Rubik: Unlocking the Power of Locality and End-point Flexibility in Cloud Scale Load Balancing

Cloud scale load balancers, such as Ananta and Duet are critical components of the data center (DC) infrastructure, and are vital to the performance of the hosted online services. In this paper, using traffic traces from a production DC, we show that prior load balancer designs incur substantial overhead in the DC network bandwidth usage, due to the intrinsic nature of traffic redirection. Moreover, in Duet, traffic redirection results in extra bandwidth consumption in the core network and breaks the full-bisection bandwidth guarantees offered by the underlying networks such as Clos and FatTree.

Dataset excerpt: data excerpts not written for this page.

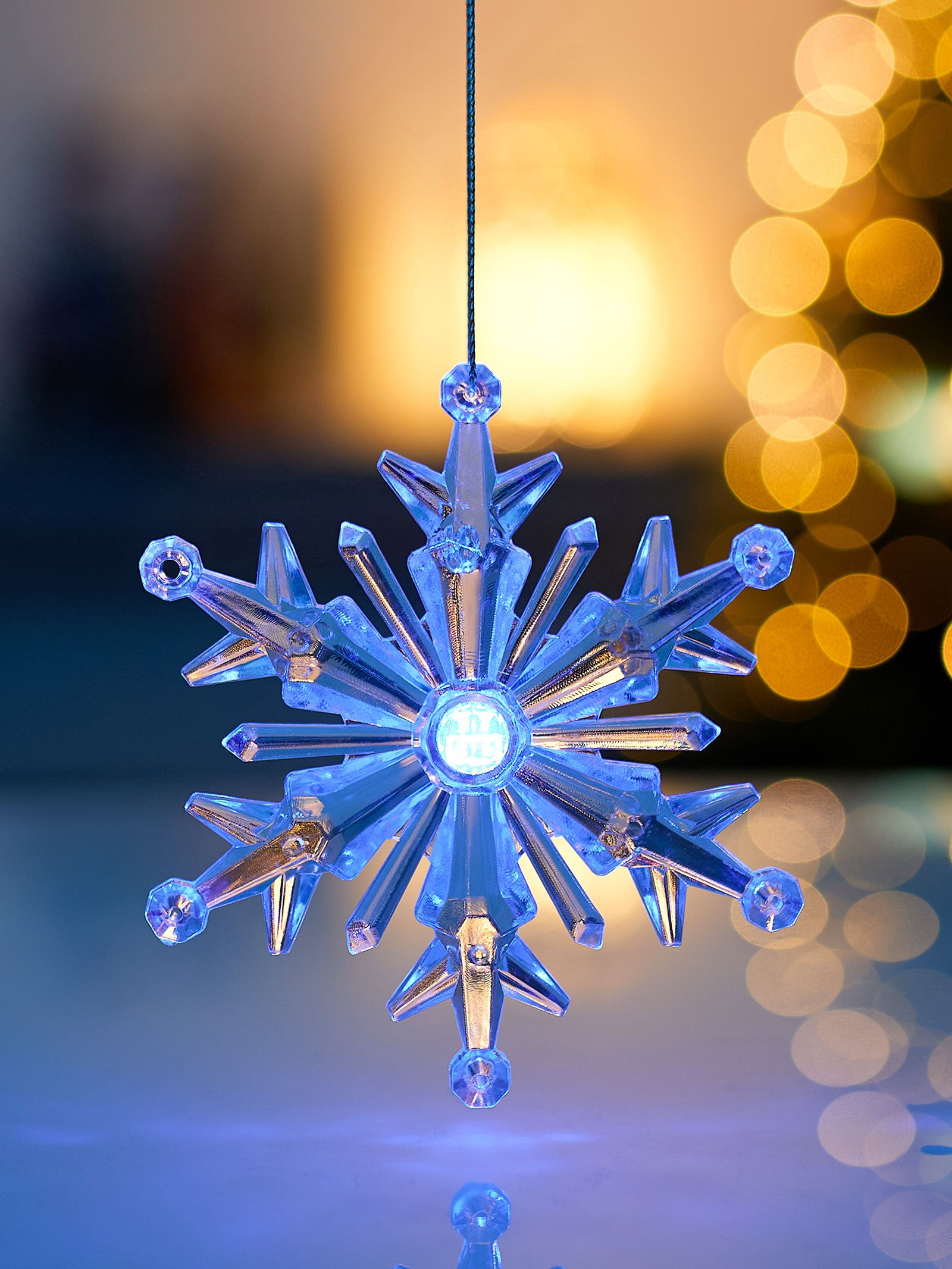 Подвеска светодиодная "Ледяная снежинка" 11 см, 1 LED, от батареек LR41x3, свечение синее/красное, 11x2x11 см., Luazon Lighting, Китай
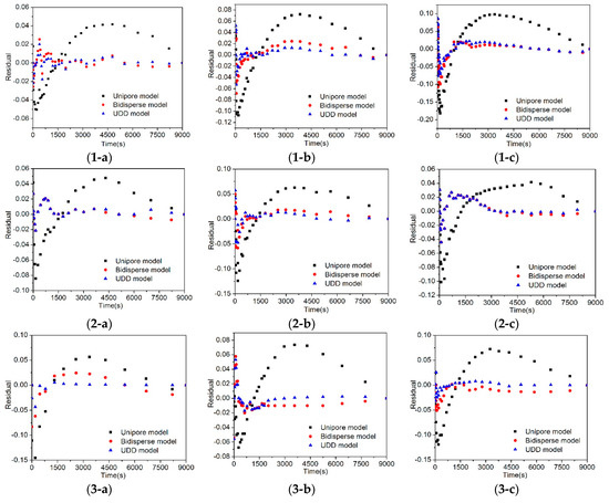 Residual comparing the unipore, bidisperse, and UDD models. (1-a) particle size: 0.25–0.5 mm, gas pressure: 0.5 MPa; (1-b) particle size: 0.25–0.5 mm, gas pressure: 1.0 MPa; (1-c) particle size: 0.25–0.5 mm, gas pressure: 1.5 MPa; (2-a) particle size: 0.5–1.0 mm, gas pressure: 0.5MPa; (2-b) particle size: 0.5–1.0 mm, gas pressure: 1.0 MPa; (2-c) particle size: 0.5–1.0 mm, gas pressure: 1.5 MPa; (3-a) particle size: 1.0–1.25 mm, gas pressure: 0.5 MPa; (3-b) particle size:1.0–1.25 mm, gas pressure: 1.0MPa; (3-c) particle size: 1.0–1.25 mm, gas pressure: 1.5 MPa.
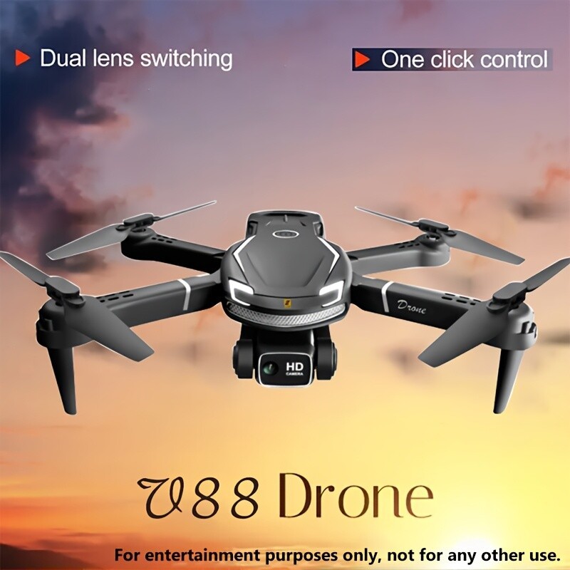[Dual Camera Drone] V88 Dual Camera Drone | Altitude Hold, Headless Mode, 360 Stunt Roll, Obstacle Avoidance, HD Camera, ABS Material - Auto Return Rechargeable Lithium Polymer Batteries
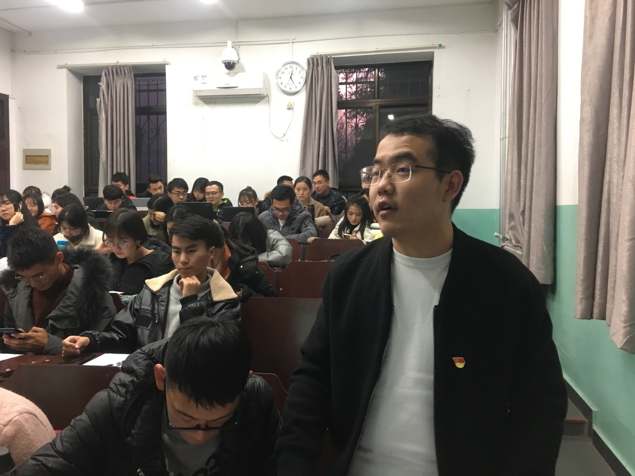 为进一步落实“不忘初心,牢记使命”主题教育,增强党支部成员的政治性、时代性、原则性,2019年12月9日下午4点30分,2019级法律硕士第二党支部于教十111举行“不忘初心、牢记使命”组织生活会暨支部书记讲党课活动。cn影院 专职辅导员刘业帆老师参与了本次会议。参加本次活动党员28人、积极分子33人,请假3人。
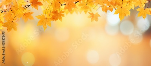 Golden autumn maple leaves gently falling against a soft blurred warm orange background with ample copy space for text or designs.
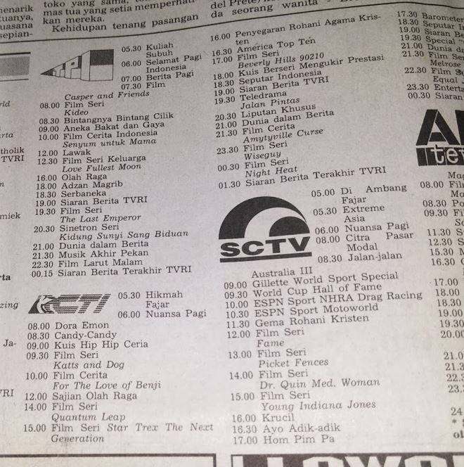 1990s listing for Indonesian TV found online (date and source unknown)
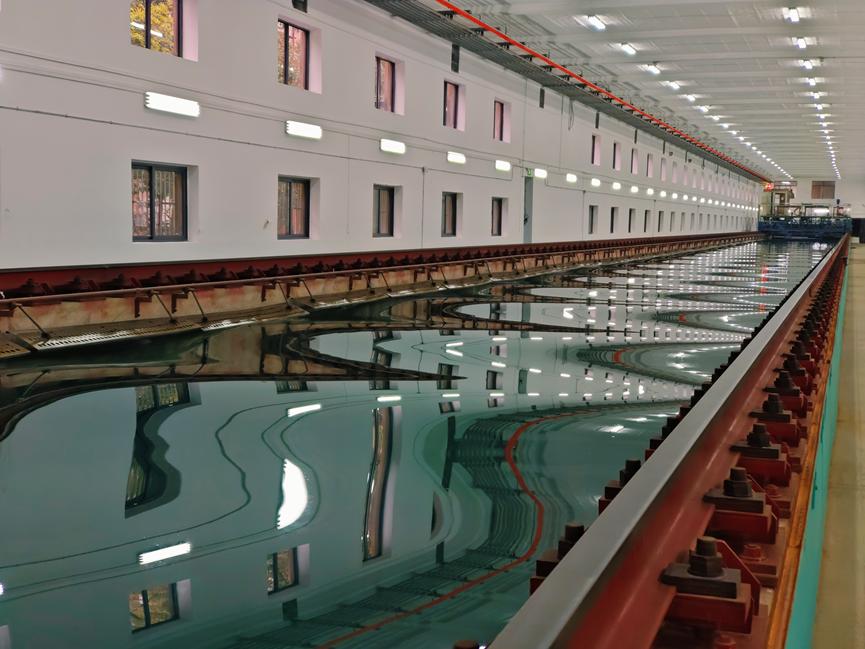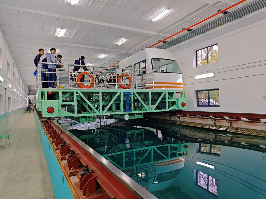 最让学生们兴奋的是亲身体验拖曳水池实验装置。宋磊老师和李阳老师带领学生登上船池拖车系统。在实验中,学生们亲眼见证了船模在水中的运动情况,并了解了水池实验的数据采集和分析过程。

We present RUBIK, a load balancer that significantly lowers the DC network bandwidth usage while providing all the performance and availability benefits of Duet. RUBIK achieves its goals by applying two principles in the scale-out load balancer design—exploiting locality and applying end-point flexibility in placing the servers. We show how to jointly exploit these two principles to maximally contain the traffic load balanced to be within individual ToRs while satisfying service-specific failure domain constraints. Our evaluation using a testbed prototype and DC-scale simulation using real traffic traces shows that compared to the prior art Duet, RUBIK can reduce the bandwidth usage by over 3x and the maximum link utilization of the DC network by 4x, while providing all the performance, scalability, and availability benefits.